Ākonga recognise that maramataka and Māori astronomical knowledge continue to shape celebrations, ceremony, and practical life.
How this handout aligns
For kaiako, the value of this handout is that it treats Matariki as a living knowledge system. Students are invited to connect astronomy, season, remembrance, and planning rather than simply complete a themed worksheet.
Useful when teachers want Matariki learning to feel grounded, current, and explicitly linked to mātauranga Māori.
Ākonga understand that knowledge is shaped by place, relationship, and local variation rather than one universal script.
How this handout aligns
The resource explicitly warns against flattening Matariki into a single national story. That gives kaiako a stronger pedagogical footing for culturally responsive teaching in Aotearoa.
Strongest when schools can bring in local kōrero, local observation, or whānau connection.
Ākonga use reflection and discussion to connect learning with values, memory, and future planning.
How this handout aligns
The write-or-draw response task gives kaiako flexible evidence of understanding. It is also a useful low-floor/high-ceiling structure for mixed-readiness classes.
Helpful when teachers want a meaningful Matariki reflection that does not depend on one narrow output mode.
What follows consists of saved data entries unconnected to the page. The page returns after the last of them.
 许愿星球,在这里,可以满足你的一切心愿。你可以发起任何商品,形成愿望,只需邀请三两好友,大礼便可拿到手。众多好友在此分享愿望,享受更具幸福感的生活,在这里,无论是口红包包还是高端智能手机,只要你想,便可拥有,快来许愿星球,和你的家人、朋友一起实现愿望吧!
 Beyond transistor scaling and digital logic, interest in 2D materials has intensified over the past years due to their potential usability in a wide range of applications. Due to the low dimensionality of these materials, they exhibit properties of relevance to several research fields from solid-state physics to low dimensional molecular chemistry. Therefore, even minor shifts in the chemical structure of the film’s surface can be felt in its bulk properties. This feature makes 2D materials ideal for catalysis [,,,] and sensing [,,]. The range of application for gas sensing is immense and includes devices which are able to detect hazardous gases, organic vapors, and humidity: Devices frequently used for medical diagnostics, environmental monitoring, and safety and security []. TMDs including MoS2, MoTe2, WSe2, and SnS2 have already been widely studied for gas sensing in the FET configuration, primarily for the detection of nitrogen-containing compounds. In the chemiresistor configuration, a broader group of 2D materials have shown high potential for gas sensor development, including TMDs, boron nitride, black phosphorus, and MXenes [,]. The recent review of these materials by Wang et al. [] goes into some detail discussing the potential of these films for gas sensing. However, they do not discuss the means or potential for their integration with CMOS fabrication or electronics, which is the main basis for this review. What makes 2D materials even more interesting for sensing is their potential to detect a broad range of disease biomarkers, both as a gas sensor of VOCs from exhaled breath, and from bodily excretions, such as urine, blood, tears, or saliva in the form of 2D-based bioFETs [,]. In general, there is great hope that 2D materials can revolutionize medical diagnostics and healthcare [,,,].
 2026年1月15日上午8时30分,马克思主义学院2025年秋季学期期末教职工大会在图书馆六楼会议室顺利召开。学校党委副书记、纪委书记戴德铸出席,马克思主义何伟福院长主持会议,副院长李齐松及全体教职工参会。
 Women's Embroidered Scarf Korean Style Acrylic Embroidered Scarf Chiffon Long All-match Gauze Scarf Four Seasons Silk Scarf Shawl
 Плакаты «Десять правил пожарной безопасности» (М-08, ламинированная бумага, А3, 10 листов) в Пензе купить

Use this as a teacher-facing bridge between Te Mātaiaho, local context, and a respectful Matariki teaching sequence.
How to use this resource
Start with shared kōrero and local framing, then move into student reflection or planning. That sequence supports ako, keeps mātauranga Māori visible, and helps the class avoid tokenised celebration-only work.
Best used before teaching so the local variation note shapes the lesson from the start.